Records contained in a dataset
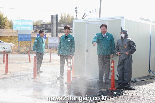 김산 무안군수는 21일 무안군 전역에 설치된 방역 통제초소 5곳(일로 3, 몽탄 1, 청계 1)을 방문해 현장 근무자들의 노고를 격려하고, 차량 소독과 장비 작동 상태를 꼼꼼히 살펴보며 방역 상황을 재차 확인했다.
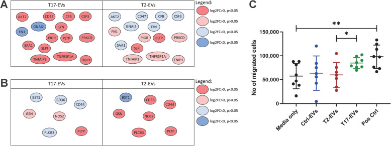 Results: Our data shows that EVs are secreted and can be isolated from the apical side of HBEC-ALI and that cytokine stimulation increases EV release. Genes upregulated in cells stimulated with T2 or T17 cytokines were increased also on protein level in the EVs. Proteins found in T17-derived EVs were suggested to be involved in pathways related to neutrophil movement which was supported by assessing neutrophil chemotaxis ex vivo.
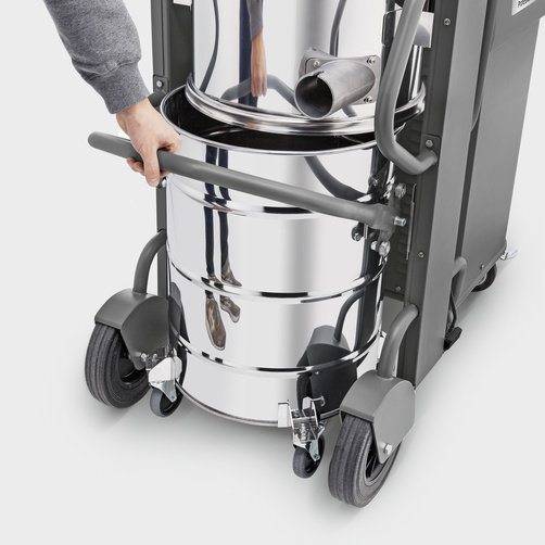 简单省时的容器拆卸 尘箱手柄可作为辅助,用于将机器拉至排空点 大型工业用滚轮可确保良好的移动性,即使在不均匀的地面和重载状态
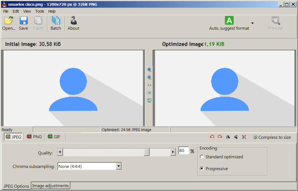 Como podemos comprobar, la imagen original tenía un tamaño de 30,58Kb y la imagen comprimida pesa 1,19Kb. Esta herramienta será muy útil para aquellas personas que gestionen una página web y no quieran que sus imágenes reduzcan la velocidad de su web.
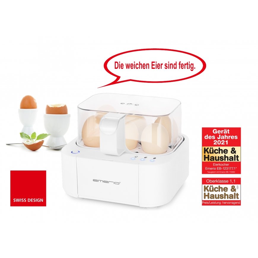 The Emerio talking egg cooker makes boiling eggs effortless and precise. With it, you can cook your eggs exactly the way you want – soft, medium, or hard – without guessing or constantly watching the time. The egg cooker clearly indicates
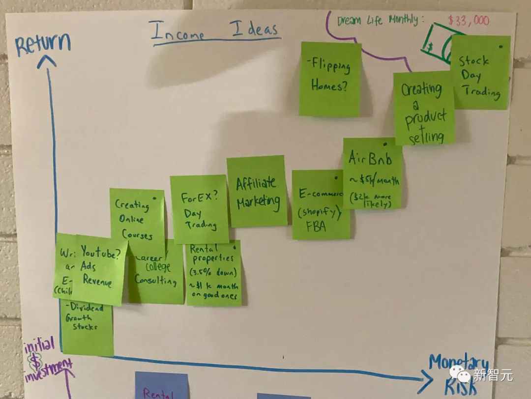 有一天晚上,两人集思广益,在白板上试着写出所有能挣钱的办法——运货、品牌联盟营销、房地产。
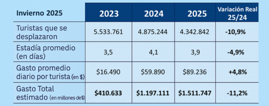 Las vacaciones de invierno sintieron la caída en el poder adquisitivo familiar, la pérdida de competitividad cambiaria y un clima más frio y lluvioso de lo habitual. En ese contexto, viajaron 4,3 millones de personas por el país, 10,9% menos que el año pasado, y gastaron 1,5 billones de pesos (1.163 millones de dólares) en las ciudades que integran el circuito turístico nacional. El impacto económico fue un 11,2% menor a 2024, medido a precios constantes.
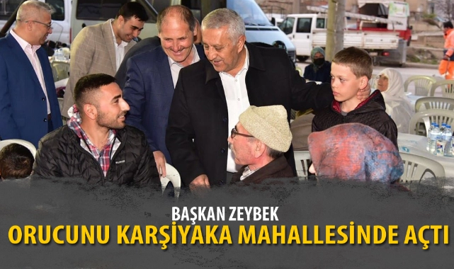 Belediye Başkanı Mehmet Zeybek hemşehrileri ile iftar sofrasında bir araya gelmeye devam ediyor. Mahalle iftarlarının durağı Karşıyaka oldu. Zeybek Başkan mahalle sakinleriyle iftar yemeğinde buluştu.

• **PROBLEM**
Although pictures appear among the records above, none are to be output; print exactly the lines from the line containing "Como podemos comprobar, la" through the line containing "有一天晚上,两人集思广益,在".

• **SOLVED PROBLEM**
 Como podemos comprobar, la imagen original tenía un tamaño de 30,58Kb y la imagen comprimida pesa 1,19Kb. Esta herramienta será muy útil para aquellas personas que gestionen una página web y no quieran que sus imágenes reduzcan la velocidad de su web.
 The Emerio talking egg cooker makes boiling eggs effortless and precise. With it, you can cook your eggs exactly the way you want – soft, medium, or hard – without guessing or constantly watching the time. The egg cooker clearly indicates
 有一天晚上,两人集思广益,在白板上试着写出所有能挣钱的办法——运货、品牌联盟营销、房地产。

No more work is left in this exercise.